Kontribusi pemilih terhadap munculnya persepsi politik yang cenderung apatis dan frustrasi dapat berimplikasi pada membengkaknya jumlah golput pada Pilgub Jakarta. Ancaman lain akibat kebijakan Pemprov Jakarta yang menonaktifkan (blokir) e-KTP warga DKI yang tidak berdomisili di Jakarta. Jumlahnya cukup besar, yakni sekitar 200 ribuan pemilih. Kebijakan tersebut hanya untuk keperluan pengurusan Kartu Jangka Pintar (KJP) atau Badan Penyelenggara Jaminan Sosial (BPPS), bukan untuk Pilgub.
Artinya, sepanjang warga tersebut memiliki e-KTP, tidak kehilangan hak memilih. Karena KPU DKI menerapkan prinsip de jure (e-KTP), bukan de facto (domisili), atau dua-duanya. Padahal dengan adanya pencocokan dan penelitian (coklit) terhadap pemilih, artinya sama dengan menerapkan prinsip de facto. Tapi prinsip de facto diabaikan. Sehingga kegiatan coklit yang menelan anggaran sangat besar nyaris mubazir.

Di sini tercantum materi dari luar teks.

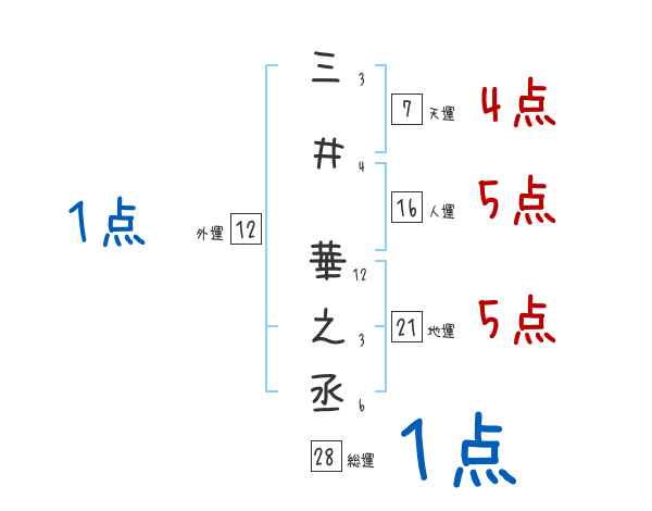 三井華之丞さんの画数の鑑定結果

Masalahnya, jika kandidasi di Pilgub Jakarta dianggap tidak menarik atau tidak menimbulkan sentimen positif bagi warga yang tinggal di luar Jakarta namun masih memiliki e-KTP DKI, warga tersebut berpotensi tidak datang ke Jakarta untuk menyalurkan hak pilihnya. Karena akan dianggap buang-buang waktu, uang, dan energi. Golput karena faktor ini bisa disebut golput politik plus kendala geografis. Kontribusi potensi golput dari faktor ini sangat besar. Jika jumlah penduduk DKI yang ber-e-KTP mencapai 200 ribu pemilih dan tinggal di luar Jakarta, minimal potensi golputnya sebanyak itu.

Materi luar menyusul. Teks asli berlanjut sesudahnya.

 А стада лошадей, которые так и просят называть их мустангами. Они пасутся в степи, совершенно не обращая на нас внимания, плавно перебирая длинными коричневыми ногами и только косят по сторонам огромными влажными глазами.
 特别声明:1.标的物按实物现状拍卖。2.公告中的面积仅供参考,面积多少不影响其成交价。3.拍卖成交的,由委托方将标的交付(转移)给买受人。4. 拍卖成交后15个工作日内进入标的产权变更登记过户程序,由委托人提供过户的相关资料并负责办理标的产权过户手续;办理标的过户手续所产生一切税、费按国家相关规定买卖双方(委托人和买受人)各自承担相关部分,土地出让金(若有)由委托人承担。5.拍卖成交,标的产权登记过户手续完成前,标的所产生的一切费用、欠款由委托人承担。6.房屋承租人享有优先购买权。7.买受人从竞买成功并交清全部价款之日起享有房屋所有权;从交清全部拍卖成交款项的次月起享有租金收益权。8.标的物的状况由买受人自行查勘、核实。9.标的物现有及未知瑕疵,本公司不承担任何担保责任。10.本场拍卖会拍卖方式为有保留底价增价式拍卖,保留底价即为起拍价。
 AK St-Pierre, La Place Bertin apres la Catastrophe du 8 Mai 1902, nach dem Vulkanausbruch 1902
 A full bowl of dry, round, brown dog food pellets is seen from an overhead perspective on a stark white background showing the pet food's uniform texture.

Penyebab lain golput berasal dari faktor Penyelenggara Pemilu, khususnya Panitia Pendaftaran Pemilih (Pantarlih). Yang tidak melakukan proses coklit secara door to door serta dilakukan dengan metode atau teknis tepat, yakni berbasis kartu keluarga atau e-KTP warga. Potensi golputnya terutama dari kalangan pemilih pemula yang pada 27 November genap berusia 17 tahun namun masih belum masuk pada Daftar Pemilih Sementara (DPS) atau Daftar Pemilh Tetap (DPT), pemilih di Lembaga Pemasyarakatan, Rumah Tahanan, Panti Asuhan, Rumah Sakit, apartemen, dan sebagainya. Golput semacam ini bisa disebut golput sistematis. Diperkirakan jumlahnya cukup besar.
Bentuk lain dari golput adalah karena ketidaktahuan pemilih akan adanya gelaran pilkada. Untuk daerah-daerah terpencil, mungkin saja pemilih tidak datang ke Tempat Pemungutan Suara (TPS) karena dipicu faktor tersebut. Namun untuk kota-kota besar khususnya Jakarta, secara umum masyarakat melek politik, atau mengetahui dengan baik adanya Pilgub, dan sebagian masuk kategori pemilih terdidik. Jadi kontribusi golput dari faktor ini sangat kecil.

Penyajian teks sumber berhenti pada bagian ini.